Ordinary sounds and colors of life took on a menacing tone. Their simple beauty—which I was only then beginning to comprehend—stood in stark contrast to the horror we were enduring, enlarging and intensifying it. And I began to know the First Noble Truth: suffering. It had crept up incrementally, and would soon come rushing headlong with terrible, overpowering force. If you’re not ready for it—and I wasn’t—it will gouge out a hole so deep inside that its vacuum sucks the breath out of your lungs and all reason out of your brain.

Two days before Easter, Jackie felt well enough to have dinner with friends. But her body finally said “no more.” She lost bowel control at the dinner table, and I got her home before pain sent her into convulsions. Mercifully, she drifted into semiconsciousness. As the hours passed, I sat powerless, exhausted, numb. She held me with a look that was an odd blend of anticipation and uncertainty, but very nuanced, composed, unruffled. She no longer spoke, nor did she seem to understand anything I said to her. She looked beyond me, and then she closed her eyes and began her death rattle. I fell asleep to that raspy sound.

Then, that Easter morning. Jackie lay beside me, quiet. At once, the sweet silence that had momentarily soothed me turned cold and real in its meaning: She was dead. In a panic, I reached for her arm. It was cold up to her elbow. She was gone, freed. The morgue’s truck took her body away.

In the ensuing years, I teetered on the brink of a bottomless maw in my soul but dragged myself back to life by establishing certain truths as handholds. First: My young daughter Corey needed me. I had to survive for her. Second: the irony of suffering. We never seek it. We tremble at its approach. But every horror and degradation and shame that it visits upon you will yield in its wake—if you survive it—a strength grown out of a profound joy and understanding of the rhythms of life.

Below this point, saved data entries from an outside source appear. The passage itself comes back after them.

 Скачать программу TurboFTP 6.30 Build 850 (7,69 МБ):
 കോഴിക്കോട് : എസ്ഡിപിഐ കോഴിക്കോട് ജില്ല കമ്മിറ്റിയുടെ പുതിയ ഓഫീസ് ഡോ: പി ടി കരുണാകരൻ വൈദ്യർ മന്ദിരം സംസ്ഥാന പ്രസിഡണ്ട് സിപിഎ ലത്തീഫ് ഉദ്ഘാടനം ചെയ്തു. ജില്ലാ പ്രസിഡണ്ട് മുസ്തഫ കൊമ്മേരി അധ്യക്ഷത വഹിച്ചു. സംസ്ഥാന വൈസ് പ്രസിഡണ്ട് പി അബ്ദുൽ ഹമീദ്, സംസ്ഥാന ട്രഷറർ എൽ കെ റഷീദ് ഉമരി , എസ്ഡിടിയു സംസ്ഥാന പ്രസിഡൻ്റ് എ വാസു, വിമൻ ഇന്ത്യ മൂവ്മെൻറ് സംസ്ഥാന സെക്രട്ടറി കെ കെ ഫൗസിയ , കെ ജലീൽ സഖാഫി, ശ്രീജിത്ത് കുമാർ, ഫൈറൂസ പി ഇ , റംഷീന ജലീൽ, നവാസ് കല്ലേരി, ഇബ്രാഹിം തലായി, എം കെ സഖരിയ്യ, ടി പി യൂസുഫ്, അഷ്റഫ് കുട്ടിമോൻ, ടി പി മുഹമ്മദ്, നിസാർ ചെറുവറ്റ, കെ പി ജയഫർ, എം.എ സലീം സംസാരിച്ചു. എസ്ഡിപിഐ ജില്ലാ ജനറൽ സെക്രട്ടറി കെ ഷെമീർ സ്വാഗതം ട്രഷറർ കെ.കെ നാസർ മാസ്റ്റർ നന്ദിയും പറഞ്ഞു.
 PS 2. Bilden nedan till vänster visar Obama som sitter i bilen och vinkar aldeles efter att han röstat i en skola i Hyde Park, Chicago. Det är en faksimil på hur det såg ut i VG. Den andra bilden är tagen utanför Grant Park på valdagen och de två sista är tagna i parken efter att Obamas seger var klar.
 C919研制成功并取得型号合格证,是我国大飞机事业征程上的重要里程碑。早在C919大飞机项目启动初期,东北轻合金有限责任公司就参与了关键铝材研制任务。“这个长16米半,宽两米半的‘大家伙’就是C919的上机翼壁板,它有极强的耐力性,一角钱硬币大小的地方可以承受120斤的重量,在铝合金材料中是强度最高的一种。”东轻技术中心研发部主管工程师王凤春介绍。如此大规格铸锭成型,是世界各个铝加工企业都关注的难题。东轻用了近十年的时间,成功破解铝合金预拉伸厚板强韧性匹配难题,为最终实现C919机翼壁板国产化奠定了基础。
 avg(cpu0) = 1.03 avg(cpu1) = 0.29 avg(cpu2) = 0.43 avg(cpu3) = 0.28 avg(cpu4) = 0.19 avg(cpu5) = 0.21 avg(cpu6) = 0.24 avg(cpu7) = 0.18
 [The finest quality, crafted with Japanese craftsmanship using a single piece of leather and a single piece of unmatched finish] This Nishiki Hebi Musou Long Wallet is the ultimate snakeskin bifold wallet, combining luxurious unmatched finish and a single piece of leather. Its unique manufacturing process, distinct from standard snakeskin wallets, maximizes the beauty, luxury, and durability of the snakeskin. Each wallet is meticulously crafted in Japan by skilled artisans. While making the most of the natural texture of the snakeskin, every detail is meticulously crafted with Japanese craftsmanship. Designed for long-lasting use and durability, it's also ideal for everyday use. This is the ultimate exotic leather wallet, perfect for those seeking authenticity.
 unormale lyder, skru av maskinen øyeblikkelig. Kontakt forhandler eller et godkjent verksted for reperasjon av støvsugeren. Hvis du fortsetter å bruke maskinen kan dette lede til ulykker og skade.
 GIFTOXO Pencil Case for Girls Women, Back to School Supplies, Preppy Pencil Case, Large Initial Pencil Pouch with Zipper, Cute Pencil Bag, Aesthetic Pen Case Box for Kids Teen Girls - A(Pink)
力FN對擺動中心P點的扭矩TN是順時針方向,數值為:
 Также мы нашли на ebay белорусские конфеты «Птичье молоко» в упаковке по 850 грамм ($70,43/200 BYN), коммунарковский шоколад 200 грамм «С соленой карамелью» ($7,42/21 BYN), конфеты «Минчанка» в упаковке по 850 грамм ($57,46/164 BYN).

I didn’t realize in those early days that as I finally emerged from the black hole inside me, I was beginning to practice and understand the dharma. I would mouth cheery comments like “Hey, we’re going to be dead before we know it!” not really knowing why others didn’t find that quite so humorous. Then, about a year ago, I found that the name of such existential insouciance was dharma, and it is now giving shape and direction to my own personal truths. The dharma’s simple tools—like seeing every single moment for the unadorned truth that it is—help daily living, but more importantly, they are building a framework in which I’m learning how to coexist peacefully, even graciously, with that 800-pound gorilla named Samsara.